> [TASK INSTRUCTIONS]: Taking only the lines of the data below from the line with "Дизайнерски кожен кейс" to the line with "Монета 5 франков 1811 года A Франция", ends included, write them out exactly and without pictures.

> [Recorded data]:
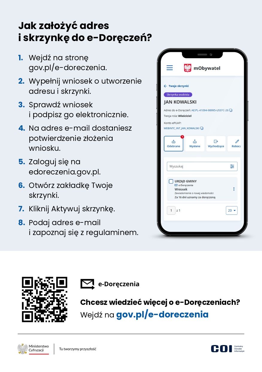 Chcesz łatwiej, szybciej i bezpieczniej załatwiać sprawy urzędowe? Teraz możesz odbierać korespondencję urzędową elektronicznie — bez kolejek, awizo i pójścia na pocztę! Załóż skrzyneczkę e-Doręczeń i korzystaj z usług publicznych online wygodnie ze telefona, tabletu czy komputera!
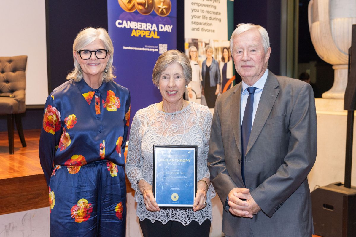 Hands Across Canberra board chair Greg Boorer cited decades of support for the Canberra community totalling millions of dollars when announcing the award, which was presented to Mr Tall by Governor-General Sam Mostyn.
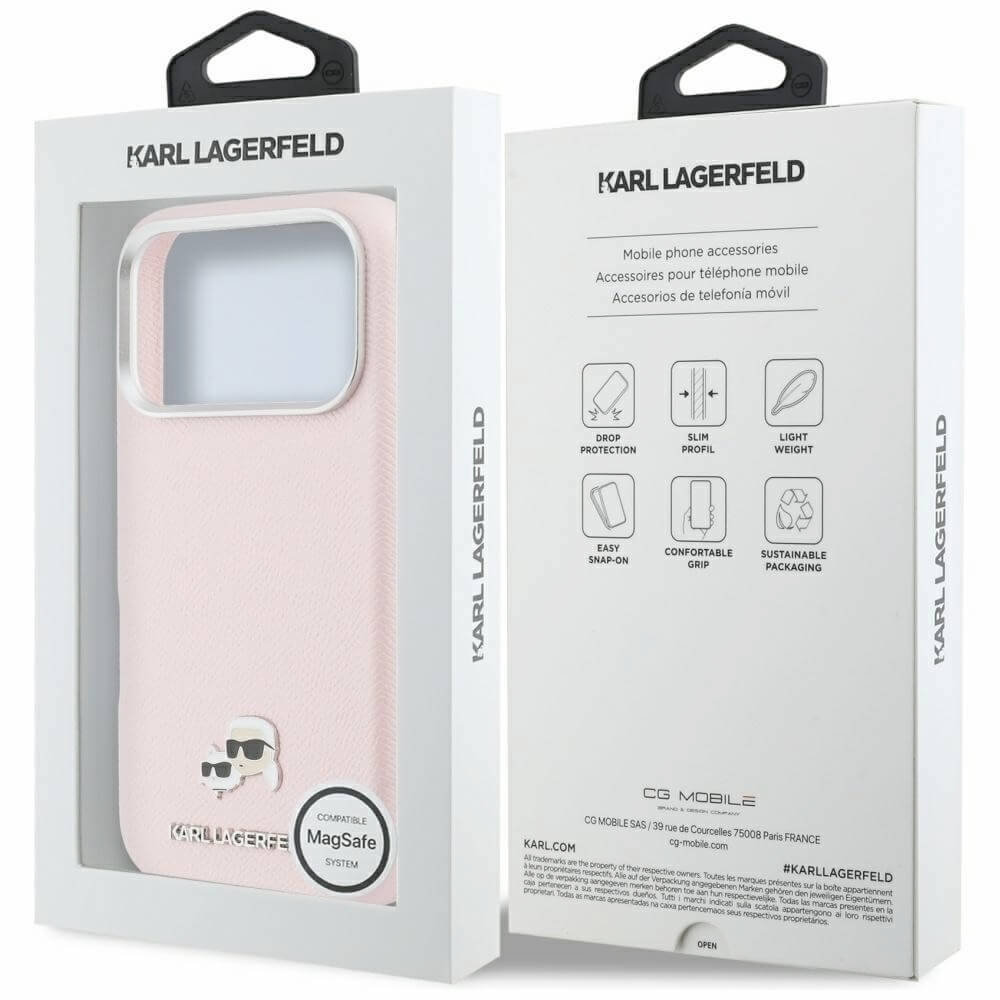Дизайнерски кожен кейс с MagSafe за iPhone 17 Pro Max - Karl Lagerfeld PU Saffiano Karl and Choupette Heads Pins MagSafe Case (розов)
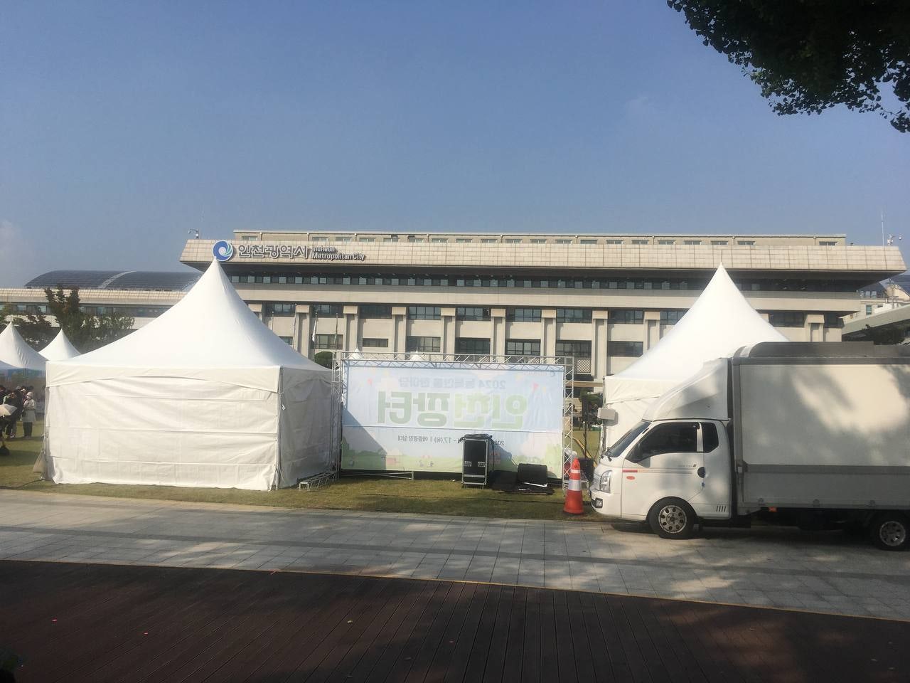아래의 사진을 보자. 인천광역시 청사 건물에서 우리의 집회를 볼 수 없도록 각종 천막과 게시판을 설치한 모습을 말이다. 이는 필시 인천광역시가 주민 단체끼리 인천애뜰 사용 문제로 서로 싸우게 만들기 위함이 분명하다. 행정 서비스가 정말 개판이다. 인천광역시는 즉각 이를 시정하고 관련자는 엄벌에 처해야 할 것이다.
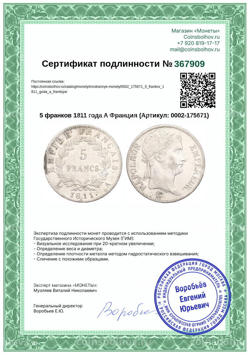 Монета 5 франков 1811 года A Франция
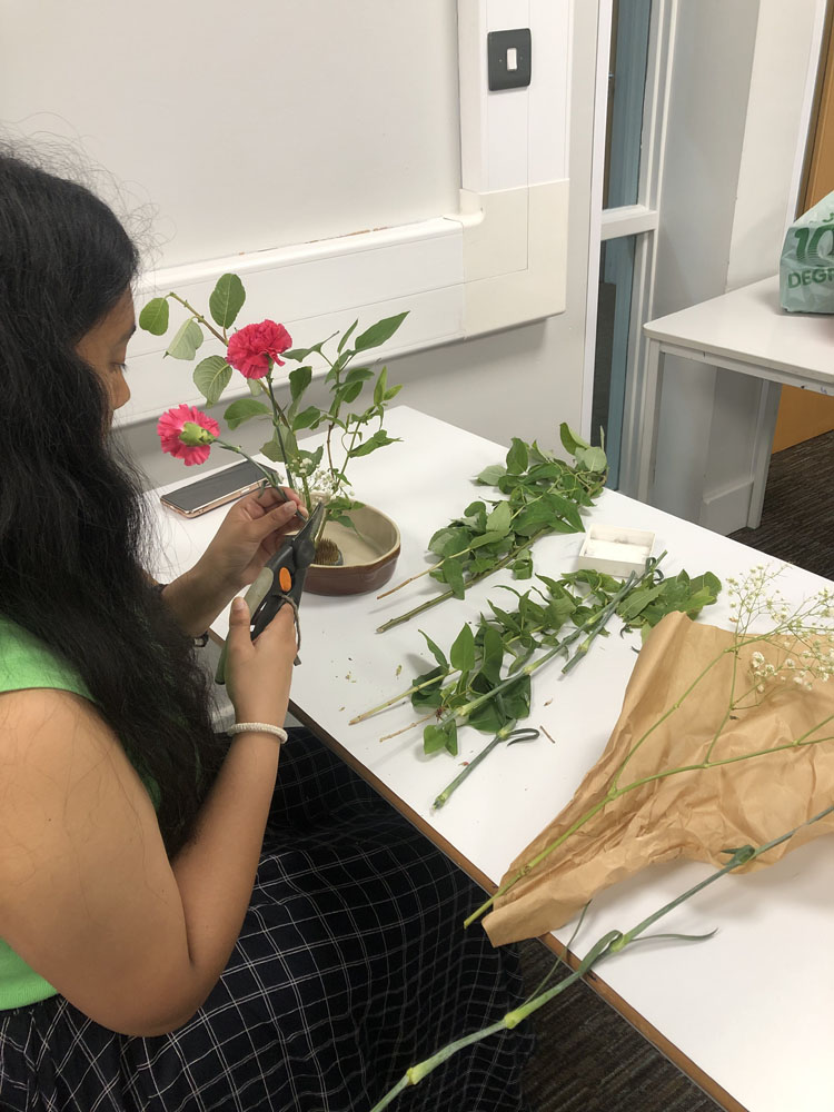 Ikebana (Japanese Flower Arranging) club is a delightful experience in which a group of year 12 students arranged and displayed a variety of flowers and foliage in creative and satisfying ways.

> [WORKED SOLUTION]:
Дизайнерски кожен кейс с MagSafe за iPhone 17 Pro Max - Karl Lagerfeld PU Saffiano Karl and Choupette Heads Pins MagSafe Case (розов)
아래의 사진을 보자. 인천광역시 청사 건물에서 우리의 집회를 볼 수 없도록 각종 천막과 게시판을 설치한 모습을 말이다. 이는 필시 인천광역시가 주민 단체끼리 인천애뜰 사용 문제로 서로 싸우게 만들기 위함이 분명하다. 행정 서비스가 정말 개판이다. 인천광역시는 즉각 이를 시정하고 관련자는 엄벌에 처해야 할 것이다.
 Монета 5 франков 1811 года A Франция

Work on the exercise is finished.